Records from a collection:
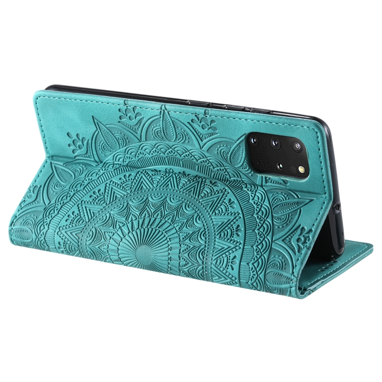 Funda de Cuero Magnética Totem para Samsung Galaxy S20 en Relieve (Verde)
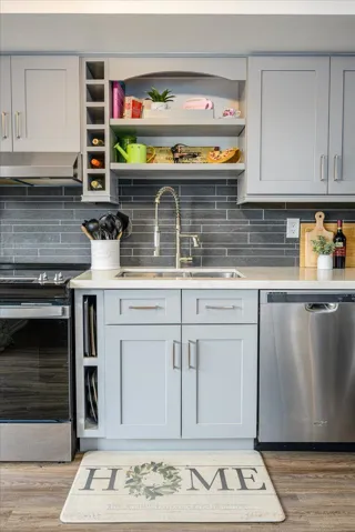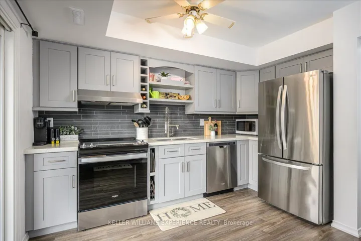 Sun-filled and beautifully updated, this 3-bedroom, 2-bath stacked condo townhome offers stylish, low-maintenance living in a quiet, convenient neighbourhood close to shopping, schools, the GO Train, commuter routes, and the lake. Renovated in 2022 by the current owner, the home features a stunning updated kitchen with quartz countertops and gray shaker cabinets, an undermount double stainless sink, backsplash, stainless steel appliances, and new laminate, vinyl, and broadloom flooring throughout. Both bathrooms have been fully renovated, and the interior has been painted in neutral tones, creating a bright, warm, and modern feel. Large windows bring in abundant natural light from all directions, while each bedroom offers a full-size closet and generous window space. Additional features include in-suite laundry, a gas furnace (2022), central air conditioning (2023), newer vinyl double-hung tilt windows, a new front door with screen door, a spacious deck, dedicated parking, and clear pride of ownership throughout. Spacious and suitable for all ages, this well-maintained property also offers very affordable condo fees ($383.00) that cover all the exterior maintenance and common areas, making for easy, worry-free living.
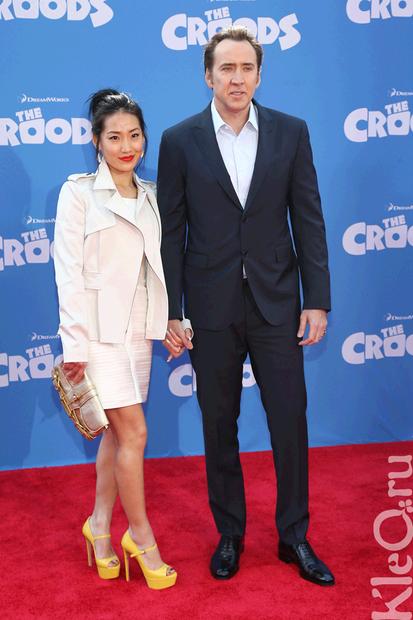 Актер Николас Кейдж (Nicolas Cage) с женой Эллис Ким (Alice Kim) на премьере фильма «Семейка Крудс» (The Croods), кинотеатр AMC Loews Lincoln Square 13 theater, Нью-Йорк, США, 10 марта 2013.
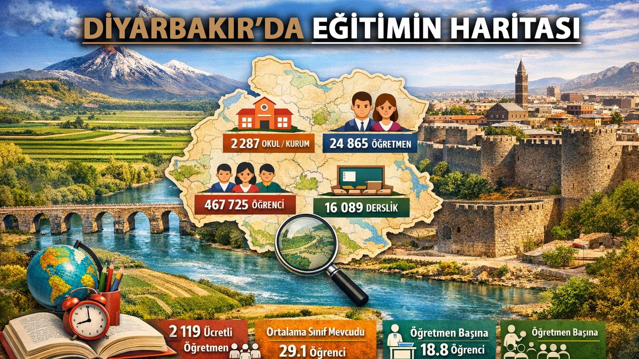 Bu kurumlarda görev yapan toplam öğretmen sayısı: 24.865 kişidir. Tabiî ki branş ve okul dağılımları çok dengesiz olduğunu rahatlıkla söyleyebiliriz. Buna bağlı olarak Diyarbakır’da öğretmen açığı özellikle branş öğretmenlerinde ve Köy/kırsal kesimindeki okullarda belirgin bir sorun olarak devam ediyor. Yerel veriler ~1.400 öğretmen civarında ek ihtiyacın bulunduğunu gösteriyor ancak bu sayı sabit değildir ve yıl içinde atamalarla değişebilir.
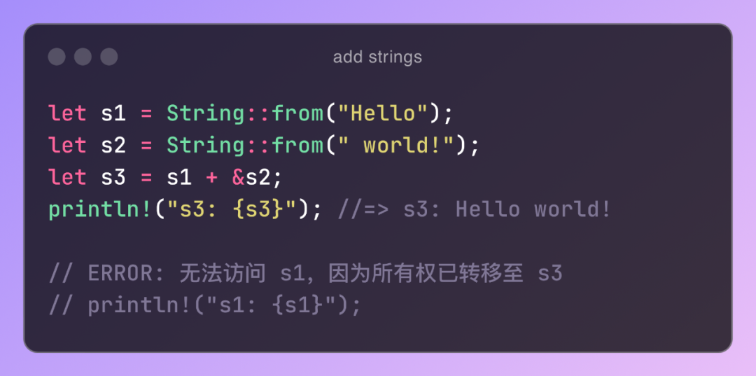 因此,使用 + 執(zhí)行完拼接操作,原字符串將失去所有權(quán):
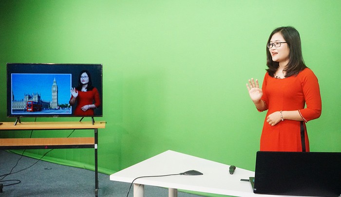 Cô Phượng trong một buổi ghi hình dạy học tiếng Anh trên sóng truyền hình
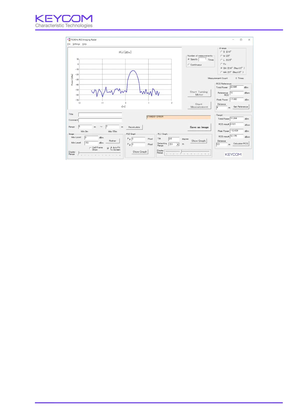 RCS calculation described in 7 above becomes possible. However, 0 m point correction value, distance range,
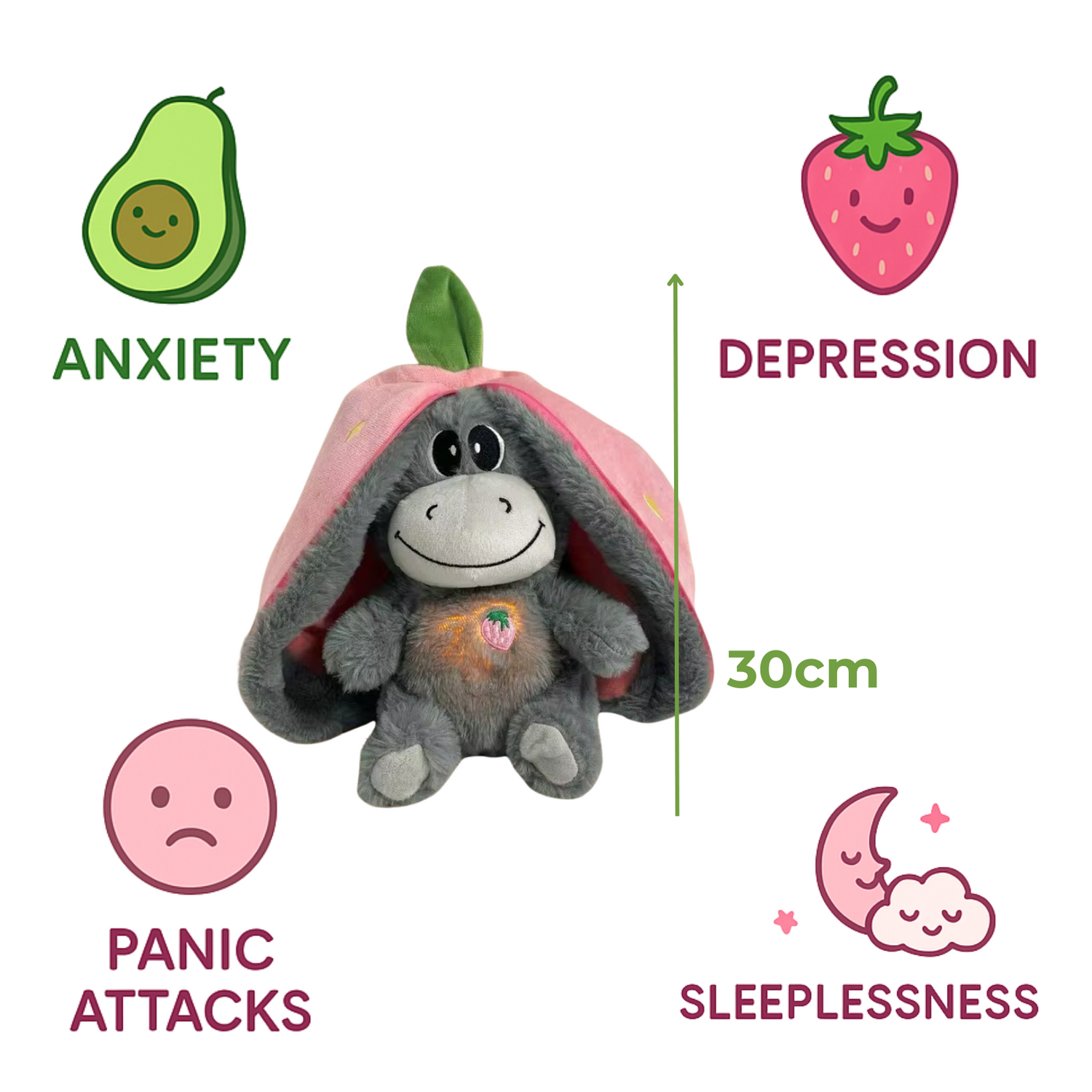 Our plush companion is there for you on heavy nights, soothing anxiety and helping you fall into a deep, peaceful sleep.
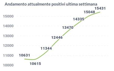 Sono al momento 15.431 i positivi, con un aumento del 2,5 per cento nell'ultimo giorno.
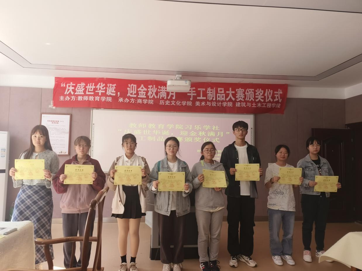 10月24日,由教师教育学院行知教育工作室、习乐学社主办,E01经济学社、建筑爱好者协会、大学生书法爱好者协会、声音文学社共同承办的“庆盛世华诞,迎金秋满月”手工制作大赛颁奖仪式在教七楼201教室顺利举行。此次比赛采取线下征集作品的形式,全校150余人参与。我院特邀王召召老师担任此次大赛评委。
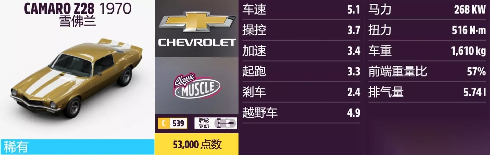 CAMARO Z28 年份:1970年。 解锁方式:抽奖或通过车展购买。

**Exercise description**:
The data above must be written out again without alteration, and the pictures in them must be excluded.

**Exercise answer**:
 Funda de Cuero Magnética Totem para Samsung Galaxy S20 en Relieve (Verde)
 Sun-filled and beautifully updated, this 3-bedroom, 2-bath stacked condo townhome offers stylish, low-maintenance living in a quiet, convenient neighbourhood close to shopping, schools, the GO Train, commuter routes, and the lake. Renovated in 2022 by the current owner, the home features a stunning updated kitchen with quartz countertops and gray shaker cabinets, an undermount double stainless sink, backsplash, stainless steel appliances, and new laminate, vinyl, and broadloom flooring throughout. Both bathrooms have been fully renovated, and the interior has been painted in neutral tones, creating a bright, warm, and modern feel. Large windows bring in abundant natural light from all directions, while each bedroom offers a full-size closet and generous window space. Additional features include in-suite laundry, a gas furnace (2022), central air conditioning (2023), newer vinyl double-hung tilt windows, a new front door with screen door, a spacious deck, dedicated parking, and clear pride of ownership throughout. Spacious and suitable for all ages, this well-maintained property also offers very affordable condo fees ($383.00) that cover all the exterior maintenance and common areas, making for easy, worry-free living.
 Актер Николас Кейдж (Nicolas Cage) с женой Эллис Ким (Alice Kim) на премьере фильма «Семейка Крудс» (The Croods), кинотеатр AMC Loews Lincoln Square 13 theater, Нью-Йорк, США, 10 марта 2013.
 Bu kurumlarda görev yapan toplam öğretmen sayısı: 24.865 kişidir. Tabiî ki branş ve okul dağılımları çok dengesiz olduğunu rahatlıkla söyleyebiliriz. Buna bağlı olarak Diyarbakır’da öğretmen açığı özellikle branş öğretmenlerinde ve Köy/kırsal kesimindeki okullarda belirgin bir sorun olarak devam ediyor. Yerel veriler ~1.400 öğretmen civarında ek ihtiyacın bulunduğunu gösteriyor ancak bu sayı sabit değildir ve yıl içinde atamalarla değişebilir.
 因此,使用 + 執(zhí)行完拼接操作,原字符串將失去所有權(quán):
 Cô Phượng trong một buổi ghi hình dạy học tiếng Anh trên sóng truyền hình
 RCS calculation described in 7 above becomes possible. However, 0 m point correction value, distance range,
 Our plush companion is there for you on heavy nights, soothing anxiety and helping you fall into a deep, peaceful sleep.
 Sono al momento 15.431 i positivi, con un aumento del 2,5 per cento nell'ultimo giorno.
 10月24日,由教师教育学院行知教育工作室、习乐学社主办,E01经济学社、建筑爱好者协会、大学生书法爱好者协会、声音文学社共同承办的“庆盛世华诞,迎金秋满月”手工制作大赛颁奖仪式在教七楼201教室顺利举行。此次比赛采取线下征集作品的形式,全校150余人参与。我院特邀王召召老师担任此次大赛评委。
 CAMARO Z28 年份:1970年。 解锁方式:抽奖或通过车展购买。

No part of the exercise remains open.